3. L'Innervation : Le Contrôle Neuromusculaire
3.1. Le Nerf Mixte et l'Unité Motrice
Le fonctionnement du muscle est contrôlé par un nerf mixte, intégrant à la fois des composants moteurs (efférents) et sensoriels (afférents).
- Versant Moteur : Des motoneurones $(\alpha)$ sont responsables de la contraction. Un motoneurone entre dans le muscle, se divise, et innerve un ensemble de fibres.
- L'Unité Motrice (UM) : C'est l'ensemble des fibres musculaires innervées par un seul et même motoneurone. C'est l'unité fonctionnelle du muscle.
- Principe de Recrutement : Pour augmenter la force musculaire, le système nerveux central (SNC) augmente la fréquence d'activation de l'UM et recrute progressivement de nouvelles UM selon le principe de la taille de Henneman (des UM de petites tailles, plus lentes et moins fatigables, aux UM de grandes tailles, plus rapides et puissantes).
3.2. La Proprioception : Le Sens du Mouvement et de la Posture
Le versant sensoriel transmet des informations de nature mécanique et métabolique, essentielles pour la coordination et la régulation du mouvement. La proprioception est la capacité du corps à percevoir la position et le mouvement de ses membres.
- Les Propriocepteurs Spécialisés :
- Fuseaux Neuromusculaires (FNM) : Dispersés dans le ventre musculaire. Ils sont sensibles aux variations de longueur du muscle (étirement). Leur activation déclenche notamment le réflexe myotatique (étirement).
- Organes Tendineux de Golgi (OTG) : Situés dans le tendon, ils sont sensibles aux variations de tension du muscle. Ils jouent un rôle protecteur en inhibant la contraction si la tension est trop élevée.

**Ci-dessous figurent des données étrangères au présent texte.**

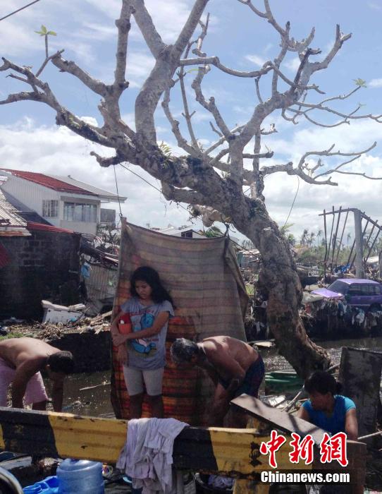 11月29日,菲律宾台风重灾区塔克洛班市一些灾民在路边清洗衣物。11月8日,超强台风“海燕”袭击菲律宾中部地区,塔克洛班市受灾尤为惨重。中新社发 张明 摄
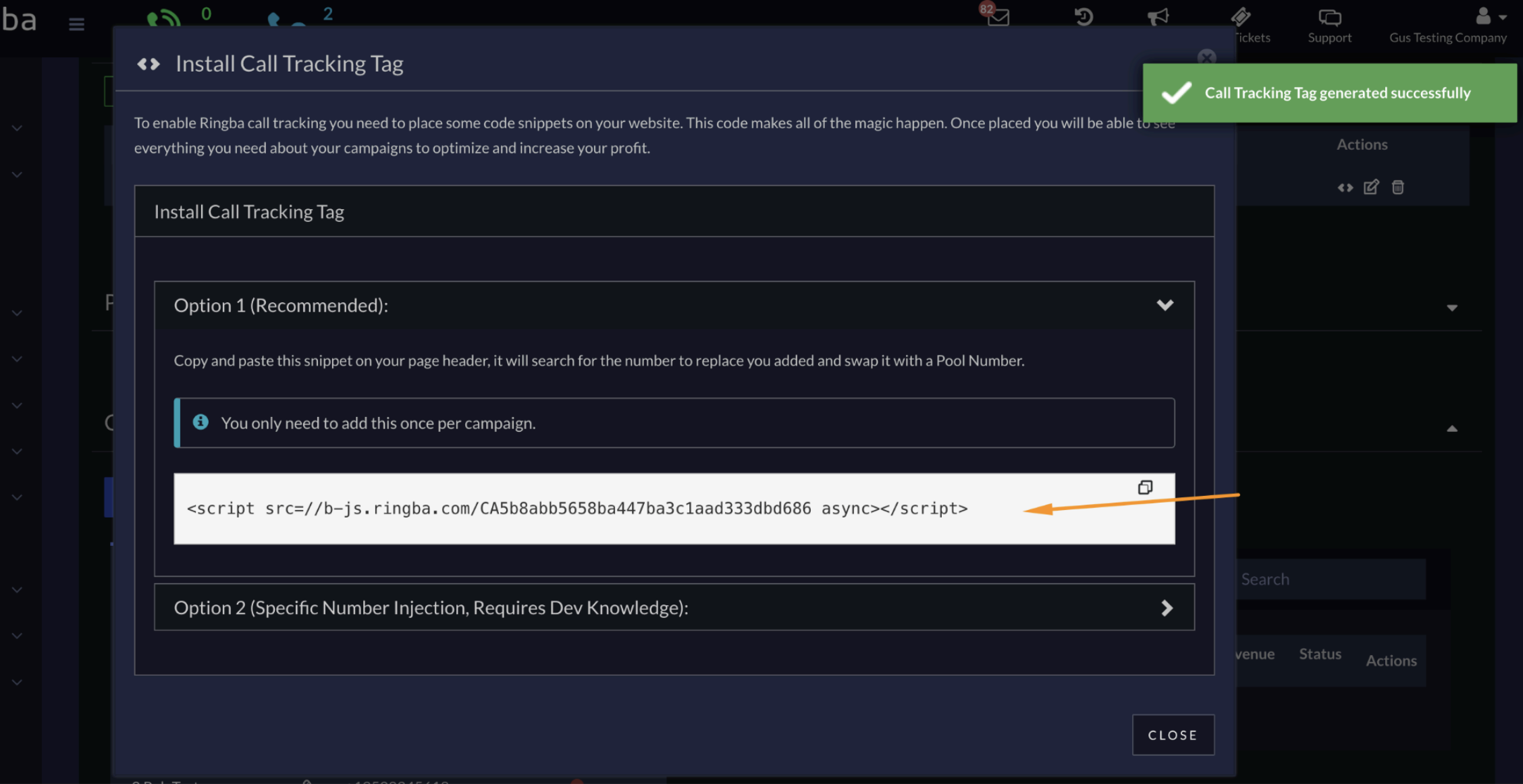 This will generate the unique JS snippet to be able to receive call tracking tags into your campaign. When you generate the script it will be immediately shown as in the image below.

- Chimiorécepteurs (ou Métabolorécepteurs) : Détectent des paramètres chimiques liés au métabolisme, tels que les variations de pH ou l'hypoxie, influençant l'effort et la douleur.
3.3. Importance pour les Métiers du Sport
L'entraînement doit viser non seulement le gain de force (hypertrophie, recrutement des UM) mais aussi l'optimisation de la commande nerveuse (vitesse d'activation, synchronisation des UM de type rapide) et l'amélioration de la proprioception (équilibre, ajustements rapides).
Lexique
- Aponevroses : Tendons plats formés de fibres de collagène entremêlées, permettant l'insertion du muscle sur des lames fibreuses ou du cartilage.

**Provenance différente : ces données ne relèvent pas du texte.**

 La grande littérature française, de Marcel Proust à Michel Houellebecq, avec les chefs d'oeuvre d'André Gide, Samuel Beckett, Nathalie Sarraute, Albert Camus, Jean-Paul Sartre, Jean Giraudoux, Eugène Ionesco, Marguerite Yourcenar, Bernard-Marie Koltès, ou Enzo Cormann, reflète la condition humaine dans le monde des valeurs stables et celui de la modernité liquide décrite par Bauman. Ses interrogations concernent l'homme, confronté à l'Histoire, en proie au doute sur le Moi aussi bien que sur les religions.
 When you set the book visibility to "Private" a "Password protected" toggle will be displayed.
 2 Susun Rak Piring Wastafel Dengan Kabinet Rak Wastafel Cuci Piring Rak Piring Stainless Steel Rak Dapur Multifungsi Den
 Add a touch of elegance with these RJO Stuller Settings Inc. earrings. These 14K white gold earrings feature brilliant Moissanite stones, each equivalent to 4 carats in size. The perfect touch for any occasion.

- Endomysium : Gaine de tissu conjonctif lâche qui enveloppe individuellement chaque fibre musculaire.
- Épimysium : Gaine de tissu conjonctif dense qui enveloppe l'ensemble du muscle.
- Faisceau Musculaire : Groupe de fibres musculaires délimité par le périmysium.
- Fibre Musculaire (Myofibre) : Cellule musculaire striée, allongée et polynucléée, constituant l'unité cellulaire du muscle.
- Fuseaux Neuromusculaires (FNM) : Propriocepteurs sensibles aux variations de longueur (étirement) du muscle.
- Motoneurone : Neurone moteur qui innerve les fibres musculaires, provoquant leur contraction.
- Organes Tendineux de Golgi (OTG) : Propriocepteurs sensibles aux variations de tension (force) du muscle.
- Périmysium : Gaine de tissu conjonctif lâche qui enveloppe un faisceau musculaire.
- Proprioception : Ensemble des informations afférentes transmises au SNC sur la position et le mouvement du corps dans l'espace.
- Unité Motrice : Un motoneurone et l'ensemble des fibres musculaires qu'il innerve. C'est l'unité fonctionnelle de la contraction.
Référence
- Institut de Myologie : Pour des connaissances approfondies sur le muscle, de l'anatomie à la pathologie.
- INSEP (Institut National du Sport, de l'Expertise et de la Performance) : Pour des ouvrages et articles traitant de physiologie de la performance, d'entraînement à haute intensité et de biomécanique.
- AFM-Téléthon : Pour des fiches détaillées et claires sur le muscle squelettique et les pathologies neuromusculaires.